▸ What you need to do
Begin at the line containing "仕様商品名プロッター PLOTTER リフィル" and retype each line through the end of the records exactly. Include nothing else and no pictures.

Entries taken from a collection
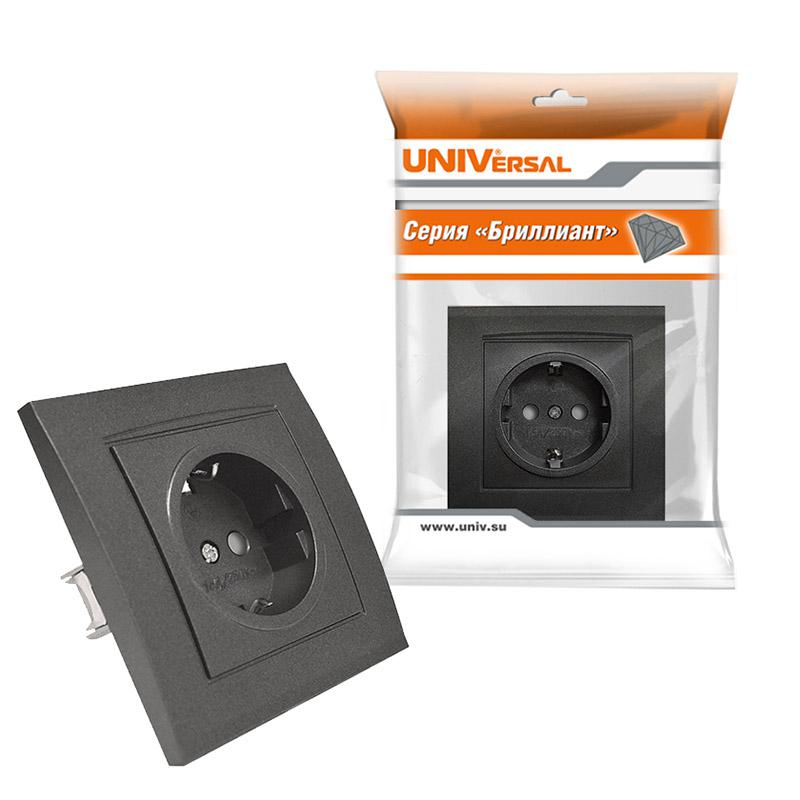 Розетка 1-м СП Бриллиант 16А IP20 с заземл. защ. шторки в сборе графит Universal 7947632-Gr
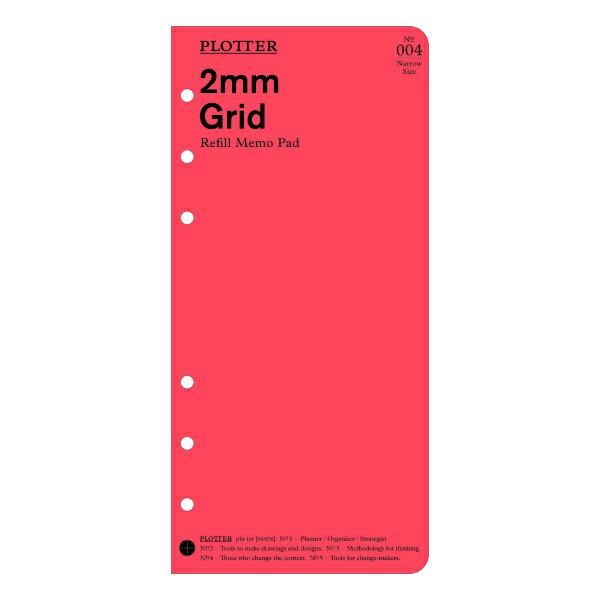 仕様商品名プロッター PLOTTER リフィル メモパッド 2mm方眼 80枚 ( ナローサイズ )サイズ・H170×W80mm内容・グラフや表の作成に使える2mm方眼・使用した日を記録できる日付記入欄・そのままアイデアメモやノートとしても、バインダーに挟んでも使える・色天ノリ仕様なのでページがバラバラにならない・そのままバインダーに挟め、紙がノートのようにまとまっているのでページががたつかずアイデアをメモしやすい・紙の耐久性を維持する角丸デザイン仕様・本文:DP 用紙(クリーム)※1・原産国:Made in Japan・(※1)「DP用紙」とは特別抄造のオリジナル手帳用紙「Designphil Pocketbook用紙」の略称てす。備考※パッケージや仕様はメーカー要因により予告なく変更になる場合がございます。ナローサイズのリフィルはこちら・プロッター PLOTTER リフィル 2023年... |
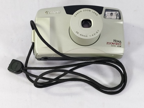 • Câmera fotográfica analógica compacta Canom Prima Zoom Shot 38-60mm flash automático. (câmeras de coleção adquirida por nós, não testada após aquisição).
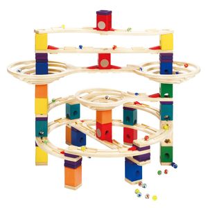 Najboljši način, da se otrok nauči novih veščin in spozna nove stvari je zagotovo skozi igro. Igralni komplet vsebuje več etažne bloke z ukrivljenimi tračnicami in klančinami po katerih z veliko hitrostjo drvijo kroglice. Poljubno lahko dodajate ali odvzamete bloke različnih nivojev, kar vodi do višjih ali nižjih hitrosti.
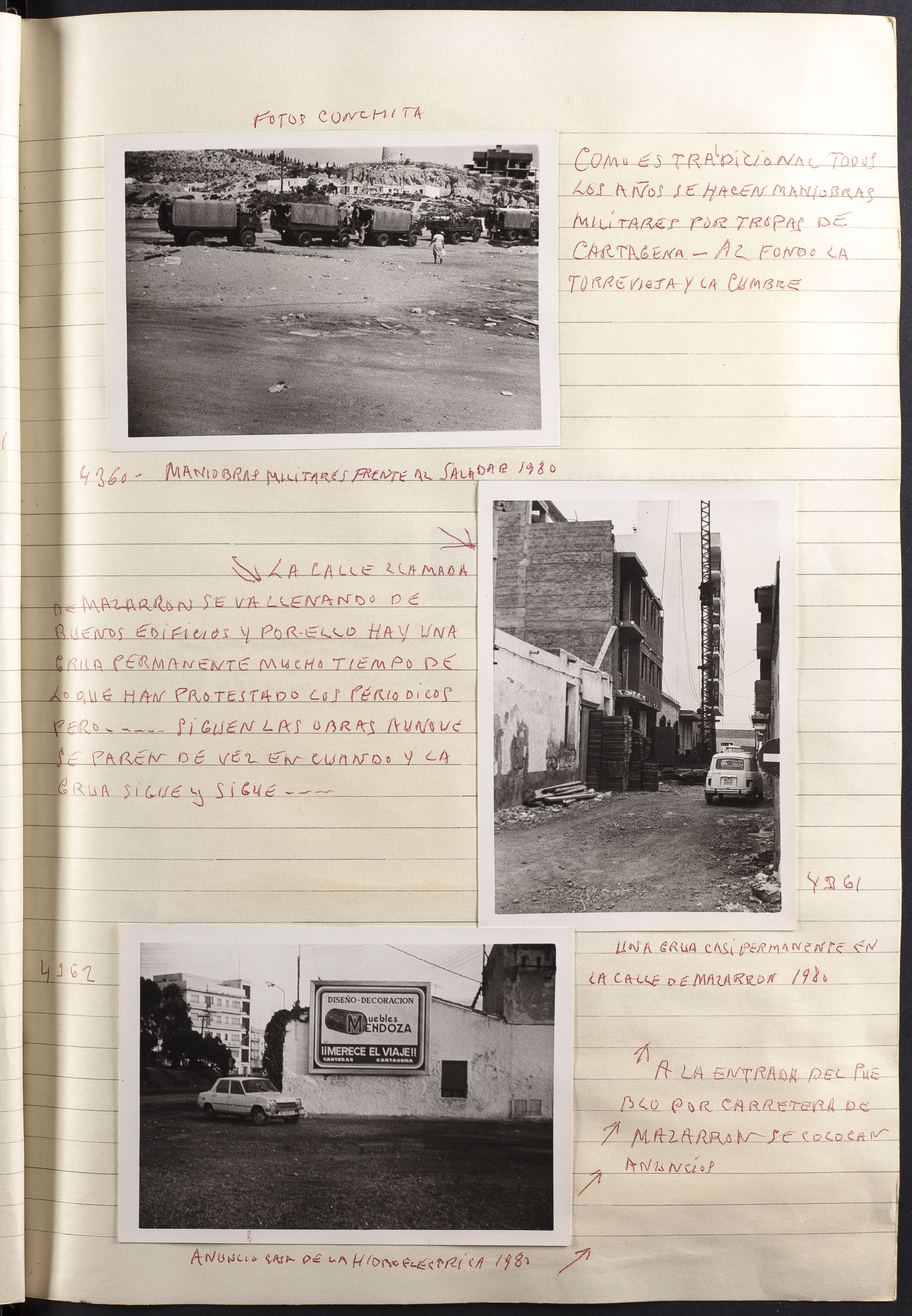 Fotografía 4361: UNA GRÚA CASI PERMANENTE EN LA CALLE DE MAZARRÓN 1980. Dimensiones: 10,5 x 7,5 cm

▸ Finished task
 仕様商品名プロッター PLOTTER リフィル メモパッド 2mm方眼 80枚 ( ナローサイズ )サイズ・H170×W80mm内容・グラフや表の作成に使える2mm方眼・使用した日を記録できる日付記入欄・そのままアイデアメモやノートとしても、バインダーに挟んでも使える・色天ノリ仕様なのでページがバラバラにならない・そのままバインダーに挟め、紙がノートのようにまとまっているのでページががたつかずアイデアをメモしやすい・紙の耐久性を維持する角丸デザイン仕様・本文:DP 用紙(クリーム)※1・原産国:Made in Japan・(※1)「DP用紙」とは特別抄造のオリジナル手帳用紙「Designphil Pocketbook用紙」の略称てす。備考※パッケージや仕様はメーカー要因により予告なく変更になる場合がございます。ナローサイズのリフィルはこちら・プロッター PLOTTER リフィル 2023年... |
 • Câmera fotográfica analógica compacta Canom Prima Zoom Shot 38-60mm flash automático. (câmeras de coleção adquirida por nós, não testada após aquisição).
 Najboljši način, da se otrok nauči novih veščin in spozna nove stvari je zagotovo skozi igro. Igralni komplet vsebuje več etažne bloke z ukrivljenimi tračnicami in klančinami po katerih z veliko hitrostjo drvijo kroglice. Poljubno lahko dodajate ali odvzamete bloke različnih nivojev, kar vodi do višjih ali nižjih hitrosti.
 Fotografía 4361: UNA GRÚA CASI PERMANENTE EN LA CALLE DE MAZARRÓN 1980. Dimensiones: 10,5 x 7,5 cm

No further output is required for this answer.